Data Collection and Preprocessing

Create a function to fetch and preprocess WNBA player data:

def fetch_player_data(season):
    url = f"https://www.basketball-reference.com/wnba/years/{season}_per_game.html"
    dataframes = pd.read_html(url, header=0)
    df = dataframes[0]
    df = df[df.G != 'G'].fillna(0)  # Remove header rows and fill NaNs
    df = df.drop(['G'], axis=1)

    # Convert percentage columns to float
    percentage_columns = ['FG%', '3P%', '2P%', 'eFG%', 'FT%']
    for col in percentage_columns:
        if col in df.columns:
            df[col] = pd.to_numeric(df[col].astype(str).str.rstrip('%'), errors='coerce') / 100

    # Convert other numeric columns to float
    numeric_columns = ['Age', 'GS', 'MP', 'FG', 'FGA', '3P', '3PA', '2P', '2PA', 'FT', 'FTA', 'ORB', 'DRB', 'TRB', 'AST', 'STL', 'BLK', 'TOV', 'PF', 'PTS']
    for col in numeric_columns:
        if col in df.columns:
            df[col] = pd.to_numeric(df[col], errors='coerce')

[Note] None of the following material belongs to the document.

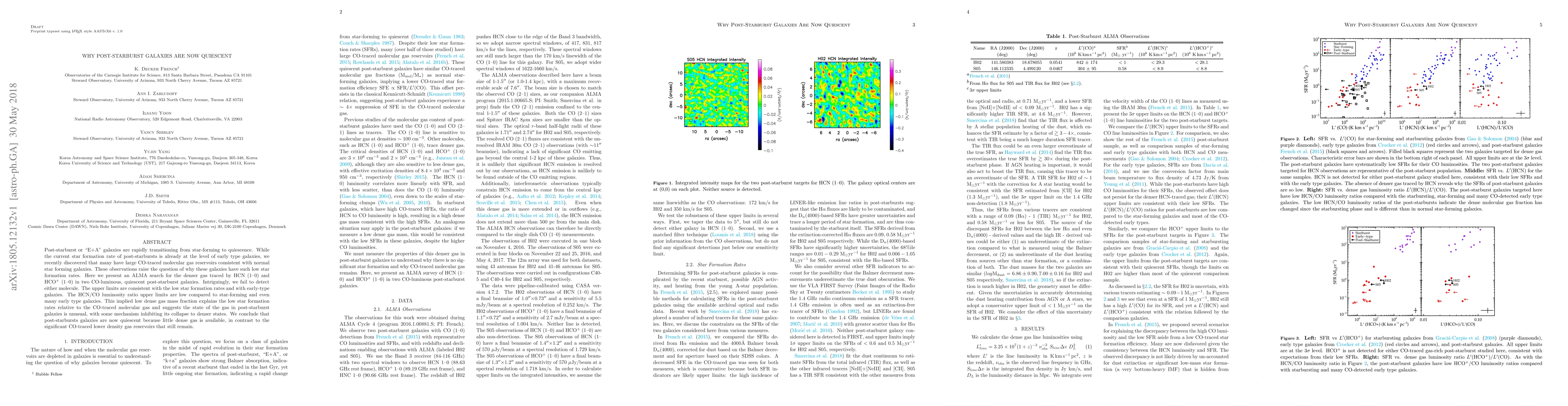 Post-starburst galaxies transition from star-forming to quiescent states due to a lack of dense gas, despite having large CO-traced molecular gas reservoirs. ALMA observations reveal no detectable HCN or HCO+ molecules, indicating a low dense gas mass fraction that inhibits star formation.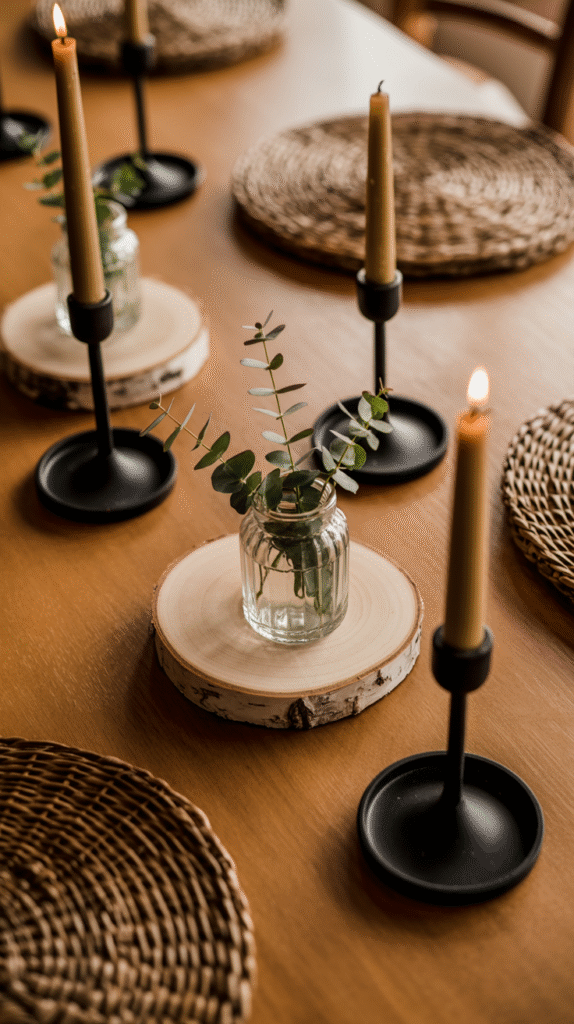 Shiny surfaces need grounding. Whenever I use metallic candle holders or ceramic plates, I balance them with wood slices, wicker chargers, or bamboo trays.

    # Ensure 'Player' and 'Team' columns are strings
    df['Player'] = df['Player'].astype(str)
    df['Team'] = df['Team'].astype(str)

    # Handle any remaining problematic columns
    for col in df.columns:
        if df[col].dtype == object:
            df[col] = df[col].astype(str)

    return df

# Usage
selected_season = st.sidebar.selectbox('Season', list(reversed(range(1997, 2025))))
player_data = fetch_player_data(selected_season)
Enter fullscreen mode Exit fullscreen mode

This function fetches data from basketball-reference.comfor a given season and performs necessary data cleaning, processing it for our use.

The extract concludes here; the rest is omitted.